Tag Archive | community

65 and still trying on line dating`1

So its been about 4 weeks now that I have been trolling various on line dating sites. I have had a couple of coffee dates which I must say I have enjoyed. In many ways its like what I imagine speed dating is like. The conversation has a rushed quality to it. All too quickly I find my self in very personal territory. I push on barely paying full attention because all of my questions are racing and I don’t want to forget to ask the big questions like, what do you like to do when you are not working? Have you ever killed anyone? Served time in jail? Read, like movies, any current girlfriends?

Of course I don’t remember much. I do note if he is a good kisser. And then there is the sex question….do you like sex….well yes, yes I do but its been awhile. On one occasion after making out for a little bit I realized my guy had an erection and he was very large. My first reaction was I am going to have to get myself a dilator kit for sure. If I am to have any kind of penetration I’ll need to work on that.

This was just the beginning of my to do list. Once the question of sex came up I began my inventory starting in the evening while getting ready for bed I wrapped myself in my favorite blue and white fleece snow-flaked bathrobe, very warm but not very sexy. I look down and I see my giant toenails with chipped polish from the summer. These nails are so hard I could open up cans with them in an emergency. The  legs are bit hairy and I have a few hairs sprouting out from my pubic area where once there was a full bush. That too will need some work.
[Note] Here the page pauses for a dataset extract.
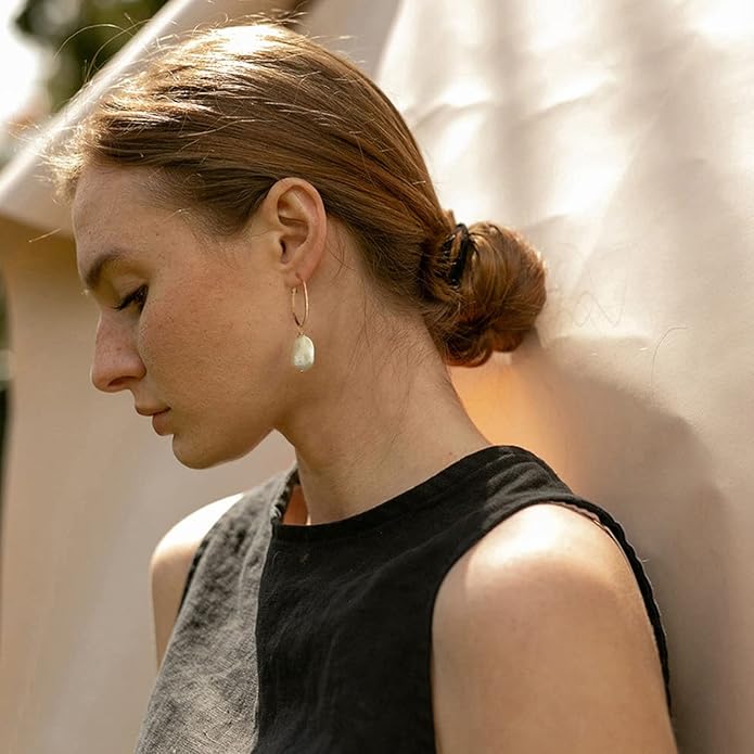 - 3. Material : The chubby shell pearls are made from high quality Mother of Pearl. Covered with authentic nacre, the natural baroque shape of the pearl earrings was given a bright shine that looked real. The big hoop earrings are made of 18k gold plated copper. The lightweight earrings may look thin but they are sturdy and comfortable to wear.

It now dawns on me the meaning of ” must be well groomed” which has caught my eye in some of the profiles men have written in regards to qualities they were looking for in their date.Ever so slowly I realize that I might not be “well groomed” after being single for soo long I cut my grooming routine down to special occasions.  And it was very liberating.

However I have also become aware of my desire to bring out my more sensual being, Body scrubs scented with amber or vanilla, feet soaks, pedicures, massages all are now on my to do list in a very gentle haphazard way of course .

So you think you want to meet people to date on line

Okay so I have been on and off again about these dating sites. Curiosity and boredom gave me the wink so I figured why not?

There are more people out there then I ever imagined. Here I am ,soon to be this sixty-five year old  woman taking a chance getting her toes wet and the water is cold most of the time. My profile is short, I try to appear witty and sexy. But when I posted that I like making out on elevators boy did the water get hot. The guys just assumed I was having sex, ie blow jobs on the elevator. Now I wouldn’t mind having oral sex on an elevator but the only elevator in our town is maybe four floors high. Can’t get much done in that amount of time. Forget about a quickie…maybe if I didn’t have any underwear on that might speed things up and perhaps if I was enjoying a 21-year-old maybe… and if I wasn’t wearing anything like spank I don’t think so. But here’s the thing ,once we get the sex conversation out-of-the-way I get to hear some really nice stories

One guy was all excited about the elevator and slowly I began asking him about his life. Married, widowed and just broke up with his partner because she wanted him to marry her. Once he started, we talked for an hour. He was very honest about his past, he has been in recovery for 25 years he was addicted to coke and vodka( two of my favorites} He tried rehab many times, his wife divorced him and then he got it. They remarried and had a few good years together and then she got lung cancer and died very quickly. He went on to become a drug counselor in prisons and now he is retired.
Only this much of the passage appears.